I have mentioned that I am getting ready to say goodbye to my 5th grade elementary school student and launch her off to Middle School. I thought this would be a good time to talk about my wrap up of another kind.
Did you know that I have been a Girl Scout troop leader for the past 5 years? One could say that half of the white hair on my head could be attributed to this! Maybe I thought I could be like Shelley Long in Troop Beverly Hills, but in the end Brown and Green were just not my color.
I have decided that there should be badges for the troop leaders. These are the ones that come to mind:
- a bottle of Tylenol on it
- a ‘Do Not Disturb’ sign
- one that has ‘many’ empty boxes of Thin Mints
- a wine glass
- one that says ‘does your Mother let you do that?’
- a ‘I Survived the Overnight’
- and lastly, a big fat ‘THANK YOU – YOU DID GREAT!’
I have mixed feelings about all of this however, over the weekend we had our Troop “Farewell’ Ceremony. I am sure this is not an official ceremony that the Girl Scouts promotes but it was time to say good bye to the girls in our troop as my co leaders and I have decided to not continue.
I would not be honest if I did not say I had decided to end my leadership role WELL over a year ago – but I held out my end of the bargin and finished out with the girls. My daughter specifically. The deal was – if I went, she had to go – and together we did it.
We started as a Brownie Troop when Coco was in first grade. The Troop size has always been well over 20 girls. It was exhausting. What I remember about back then was none of the girls could read very well and they could not tie their shoes. I had such high hopes of relationship building and inspiring the girls.

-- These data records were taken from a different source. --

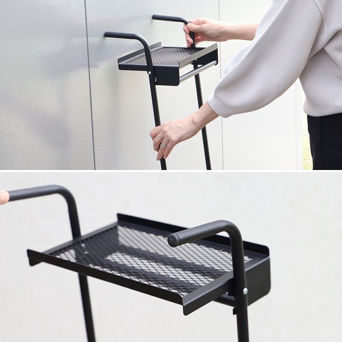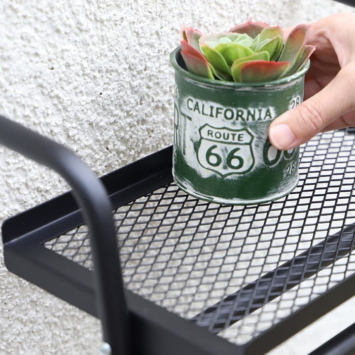 棚板は水がたまりにくいメッシュ構造。ポットやボトル等のディスプレイ収納に。
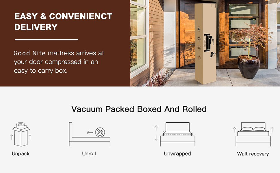 The Good Nite Pocket Sprung Memory Foam Hybrid Mattress arrives compressed and boxed for easy delivery. Simply unbox, unroll, and allow up to 72 hours for the mattress to fully expand and air out, ready to provide you with unparalleled comfort and support.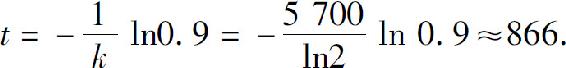 例6 利用碳-14测定年代.科学家用5700年作为它的半衰期.假设样本中原有的10%的放射性原子核已经衰减,求样本的年龄.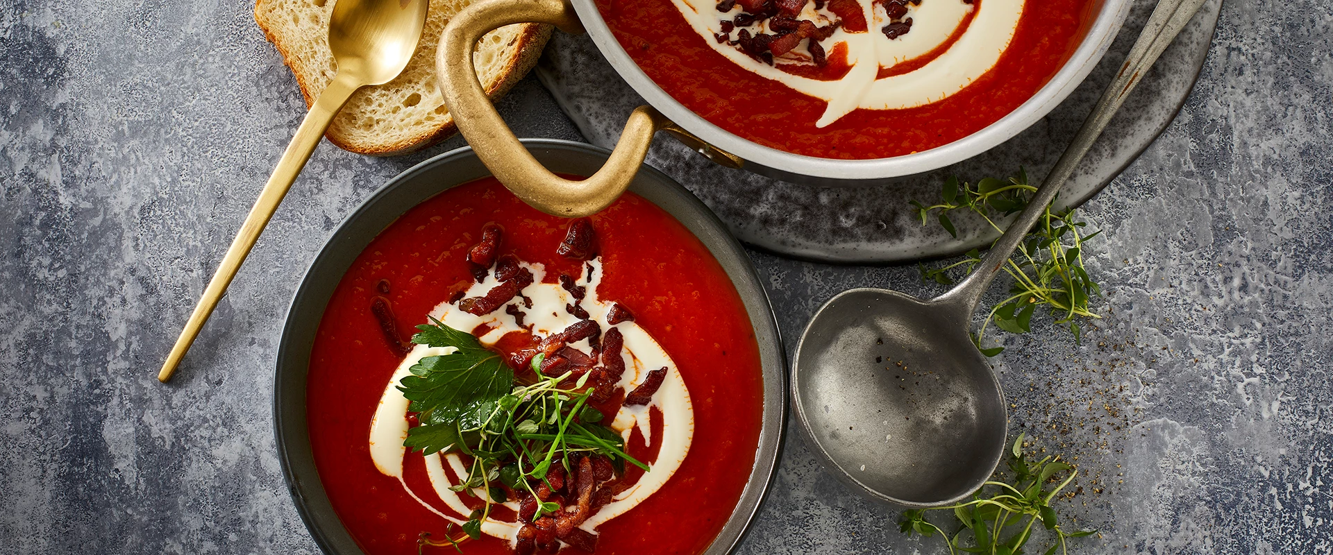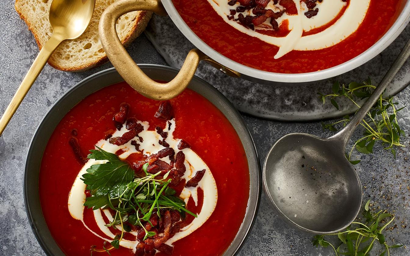 Tomatsuppe med sprød bacon, fløde og friske urter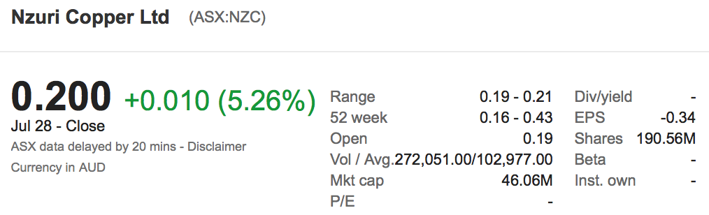 Finally, Nzuri Copper (NZC.AX) is starting to get some love from the market.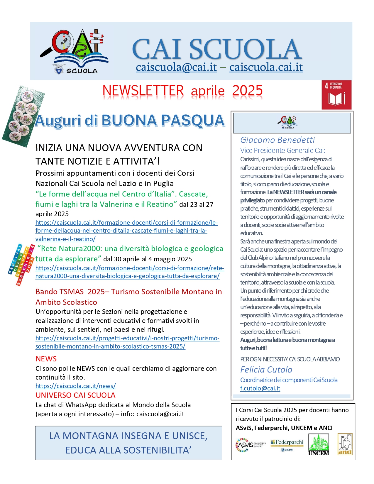 NEWSLETTER CAI SCUOLA – aprile 2025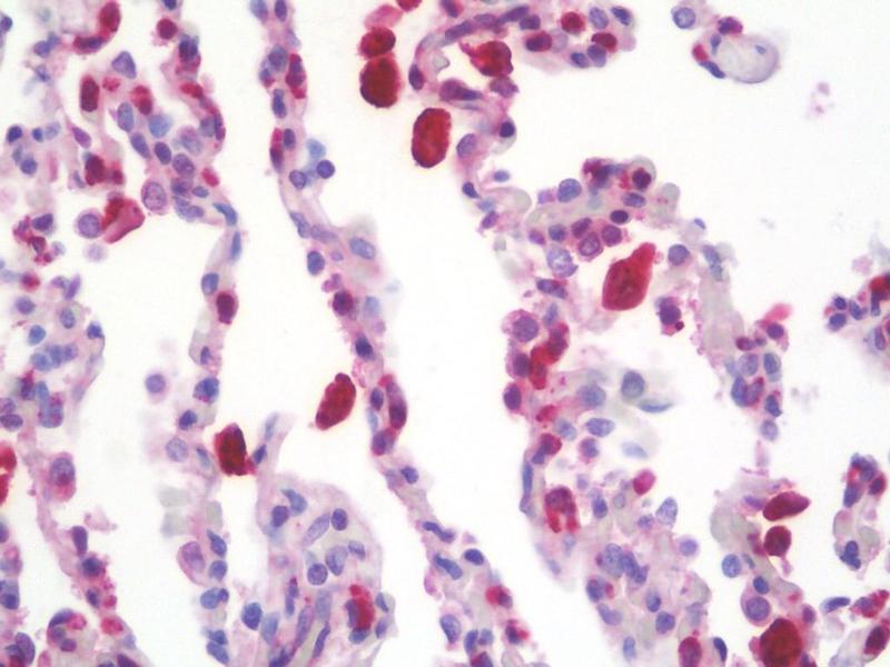 - Recognizes the human CD68 cell surface antigen, a 110kD glycoprotein primarily expressed by macrophages and monocytes.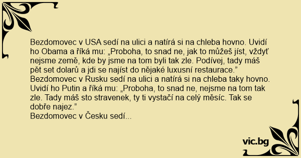 Bezdomovec v Rusku sedí na ulici a natírá si na chleba taky hovno. Uvidí hо Putin a říká mu: „Proboha, to snad ne, nejsme na tom tak zle. Tady máš sto stravenek, ty ti vystačí na celý měsíc. Tak se dobře najez.”
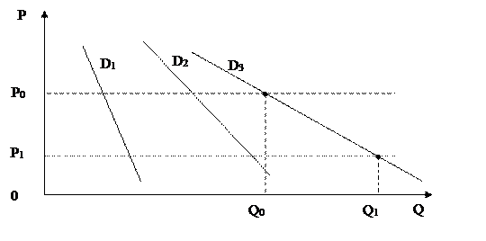 Зная понятие эластичности можно рассмотреть все функции спроса и классифицировать их по степени чувствительности на изменение цены. В качестве критерия взяли Е = 1. Получилось 3 группы: · |E| > 1 – эластичная функция (например, Р+1% => Q– 10%); · |E| < 1 – жесткая эластичность (например, Р+1% => Q– 1%); · |E| = 1; Эластичность можно рассчитать не только для традиционной функции спроса, а, например, для функции предложения:
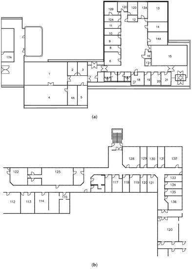The floor plans of the Geography building. (a) Floor plan of the ground floor; (b) Floor plan of the first floor.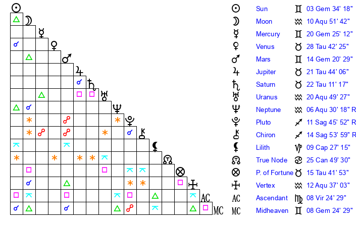 | Jupiter | 21 Taurus 45 | 26 Gemini 17 | 27 Taurus 28 |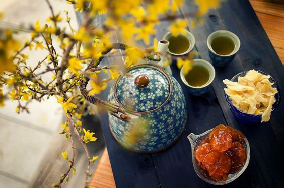 Bàn nước trang trí với mai vàng và bộ ấm chén hơi hướm cổ điển sẽ rất phù hợp với những gia đình ưa thích phong cách Tết cổ truyền.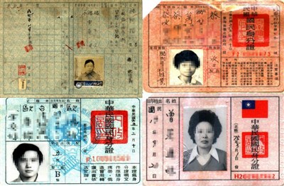 身分證歷經第一代到第六代的演變,可以看到手抄本的身分證、男女有別的男性墨綠色身分證與女性粉紅色身分證。民國36年的身分證,則是手抄本與印刷的綜合體。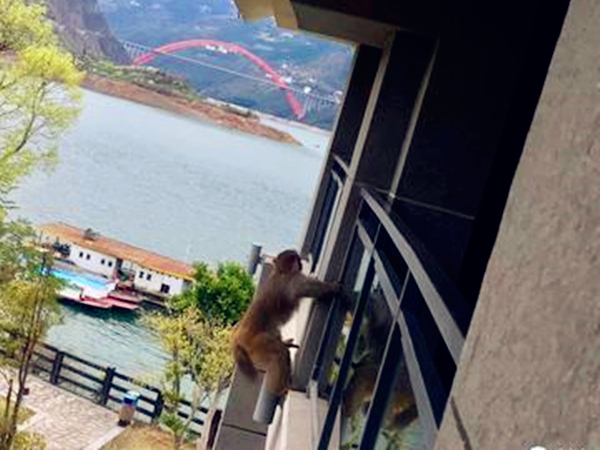 网友带着好奇心,走到阳台处,发现竟是一只“美猴王”,不知是迷路还是怎么的,跑到酒店客房阳台上来了,姿态呆萌十分搞笑。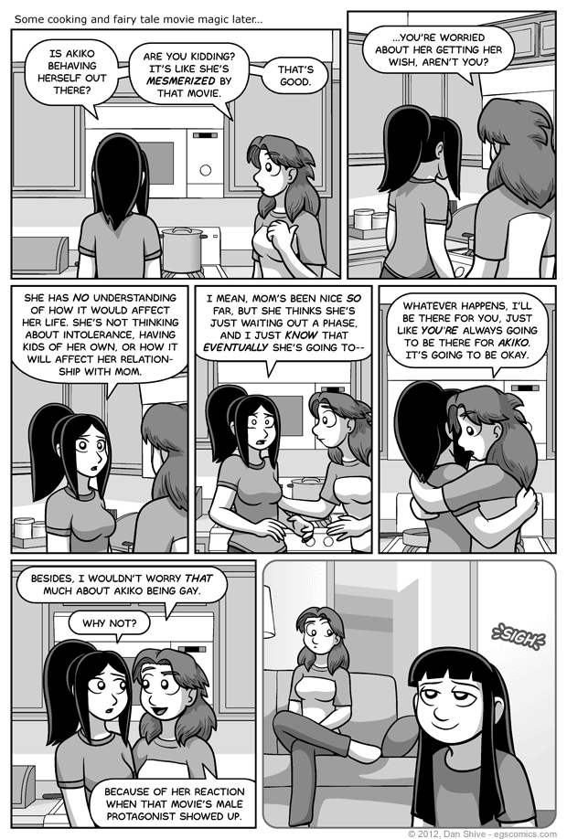 - "Just a phase"CURSE THAT KITCHEN! It is an EVIL kitchen! Well, no, not really. It's just that it makes for a naturally busy background from any given angle I could have chosen. I guess an overhead view wouldn't have been that busy. If I had done that in this comic and claimed it was an homage to 8 and 16-bit era RPGs, would anyone have bought it?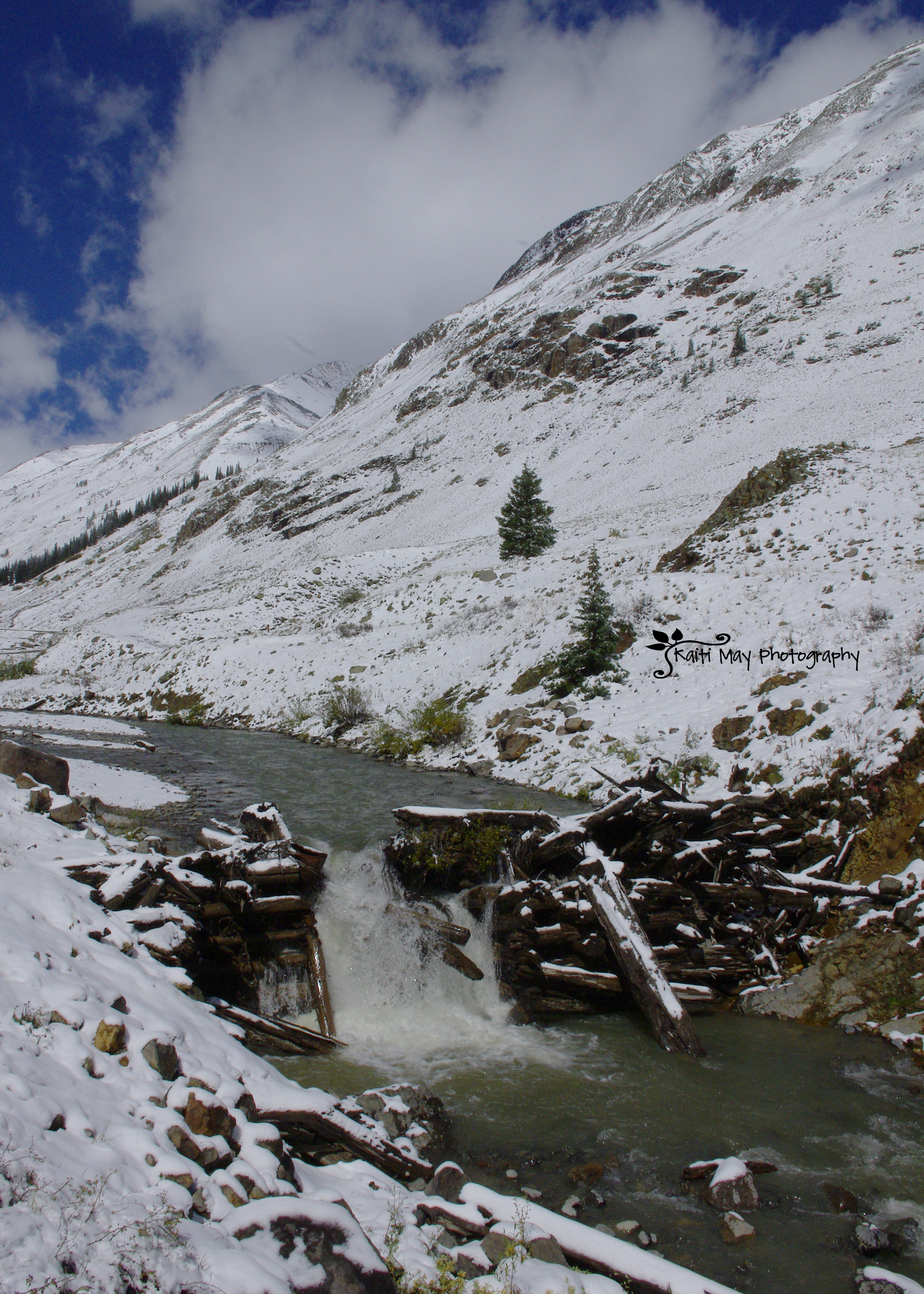We continued up the road, enjoying the sites. Some of our favorites included an old bridge that now hung lopsided and unusable across the presently fast-flowing Animas, and an old wooden damn the river had broken long ago. It was amazing to me just how many man-made structures remained from the mining boom days of Silverton. This road was difficult in the comfort of our heated, high-clearance vehicle – I could only imagine the challenges those industrious miners must have faced 100 years ago.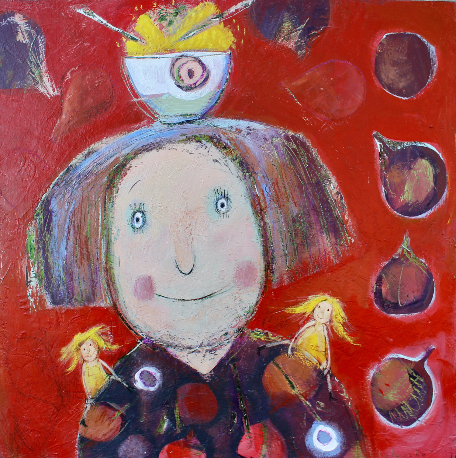 Born in Beauport, Québec, in 1965, Marie-Josée Latouche started to draw at a very young age at the Musée des beaux-arts de Québec workshops. Then, life having led her to others paths, it is only recently that she has returned to her true passion: painting. A self-taught artist, she uses mixed mediums such as acrylics, patterned fabric, wallpaper, and scraping to create on wooden bases her beloved playful themes dominated by a contagious joie de vivre. For Marie-Josée Latouche, creating is "flying through a bunch of tulips, lazing around next to a pear, partying with an orchid…Suddenly finding oneself in the setting of a page in a children's book only for a moment."

We continued on for two more years (2nd & 3rd grades) as a Brownie Troop (we were grandfathered in while the Council readjusted the age levels). Three years of Brownies = a LOT of crafts. A lot of those two years is mostly a fog. What I do remember is my co leaders and I summing up the end of the meetings by saying ‘that went better than I thought it would‘. I also remember coming home and crawling into the fetal position for a minimum of an hour after those meetings.
We learned after that – plan more field trips. 4th grade we took a LOT of field trips. To farms, grocery stores, overnight campouts, animal shelters, banks. Basically anywhere they would host us we went.
5th grade we decided to go to one meeting a month and make it a tad longer. I think this worked well for the age group. We encouraged the girls to work more independently and made them more responsible for what the chose to do. It did not make it any easier.
SO this Sunday we invited the girls families to come to a Farewell Ceremony and we offered cake as an incentive. I did not have that moment of ‘gee girls, look at you all so grown up now!’ Instead I feel confident and happy to be saying goodbye. I don’t think that is a terrible thing.
There are times I felt during these years that I was getting to know these girls a little too well. Not all in a good way. I am looking forward to the break. I look forward to sitting back and being the parent who gets to see them all lined up for dances in their pretty dresses to see how beautiful they are as they age. I don’t want to be thinking back to ‘I remember how she used to be’.
Saying goodbye can be a good thing!
I hand the baton to the new batch of moms who answer the call of ‘Mom, I want to be a Girl Scout!’ Carry it well ladies!! (And pack the Tylenol!)